Thursday, 3 November 2016

What does success look like?

The glorious month of Tishrei is over, Rosh Hashanah is a long forgotten memory and even the succah and the flayed willows are tidied up and gone for another year.
What is left?

Measuring the success of the Rosh Hashanah season is a strange business. Did more people come? Did they have more fun? Did they pay more money? Did we finish on time? All important, but drastically incomplete scales of measurement. Maybe better markers of success can be found in these sorts of question; Did more people come the Shabbat after all the festive decorations are dismantled? 
Will we be, as a community, stronger next year than we were last year? 
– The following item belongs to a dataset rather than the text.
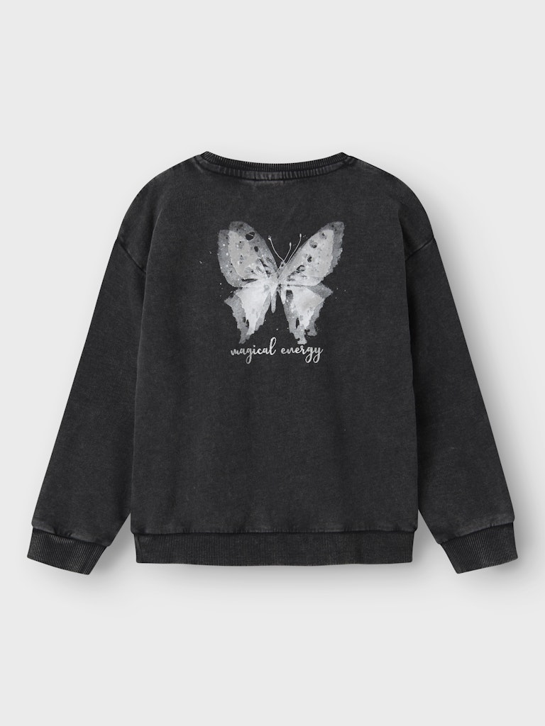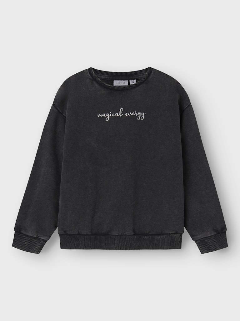Μαύρο ξεβαμμένο φούτερ για κορίτσια με glitter print “Magical energy”, από οργανικό βαμβάκι και χωρίς χνούδι εσωτερικά. Ιδανικό για καθημερινά looks.
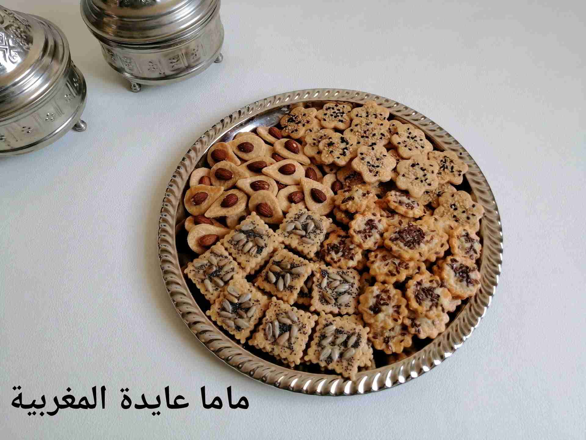 نسرح العجينة المنسمة بالفلفل الأحمر و بودرة لوز و نقطعها على شكل لوزة و نذهن ببياض بيض و نزين بحبة لوز مع الضغظ عليها.

I never know how to answer the question, ‘are you ready?’ put to me with remarkable regularity in the days leading up to Rosh Hashanah and Yom Kippur. The answer I usually give is that I have no idea. I’m wholly persuaded by the sagacity of Chinese Premier Zhou Enlai who, when asked in 1972, what he thought of the eighteenth century French Revolution, reportedly responded, ‘It’s too soon to tell.’
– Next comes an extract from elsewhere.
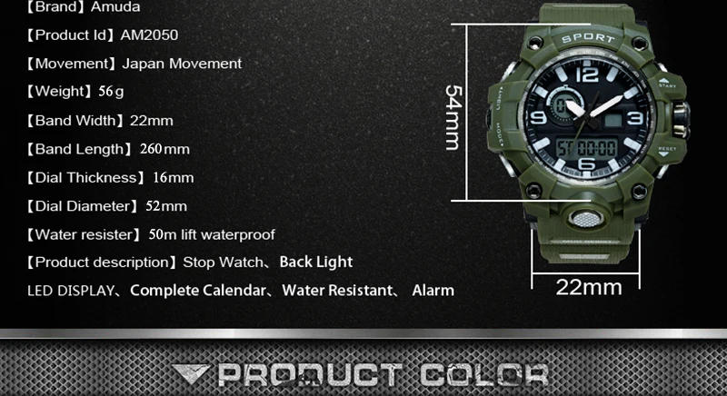Feature:Auto Date,Shock Resistant,Week Display,Water Resistant,LED display,Alarm

But here are a few observations that interest me.
We had visiting grandparents. One of the most savage markers of the decline of a Jewish community is when grandparents leave to be closer to their children and grandchildren. It’s something I’ve seen in a number of provincial communities in particular. For some years we were that community. Our youth went elsewhere and a number of grandparents followed. But now we are experiencing the reverse, visiting grandparents, often, interestingly spending time with us rather than their home orthodox communities because of the welcome we have provided their children, in-laws and next generations.

The new Machzor went down very well. I had only excellent feedback on the new Sacks/Koren Machzor we debuted this year. Well one member raised a concern that the commentary was too interesting and distracted them from prayer, therefore proving that you really can’t please everyone. A development like this is a huge challenge, and the fact that it didn’t feel that way is a testament to the openness of the community (and in particular Ed’s sterling work on page number duty). We know there were a few periods where it was very difficult to follow Cantor Jason’s Routledge-led service in the Koren, and that will have attention over the year. Please do let me have any other feedback.
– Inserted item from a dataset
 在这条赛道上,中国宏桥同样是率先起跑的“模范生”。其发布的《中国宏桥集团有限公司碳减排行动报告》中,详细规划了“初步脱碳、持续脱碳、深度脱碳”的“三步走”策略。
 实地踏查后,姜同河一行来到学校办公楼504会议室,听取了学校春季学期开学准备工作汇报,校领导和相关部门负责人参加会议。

Some people listened to my sermons. I had a correspondent share they were writing stuff down, in the context of my Yizkor sermon. I found someone using the image of the Port Jew I had shared on Rosh Hashanah. I even had someone share their best advice on how to treat an invasion of drosophila. Most touchingly my sermon on refugee and in particular the work of the Separated Child Foundation and the Asylum Drop-In Centre (which launches this week) seems to have struck a chord. Many of you have been generous with your funds, your clothes and other gifts and your time. I salute your generosity and feel very humbled by the impact the services have made. For more information on ways to support these important projects - in particular for more information on how to volunteer, please be in touch.

There is plenty to do; to continue our open-hearted and open-minded approach to Judaism. We remain utterly dependent on people coming, taking part and supporting the community financially as well as physically and spiritually. To everyone who supported us in this last month in any way, I am deeply grateful.

So normality returns. We need your support on dark Friday evenings, at the start of Shabbat morning prayers, the Cheder is back, we’ve a communal Friday night dinner to look forward to and I hope all this, and so much more, will have your support.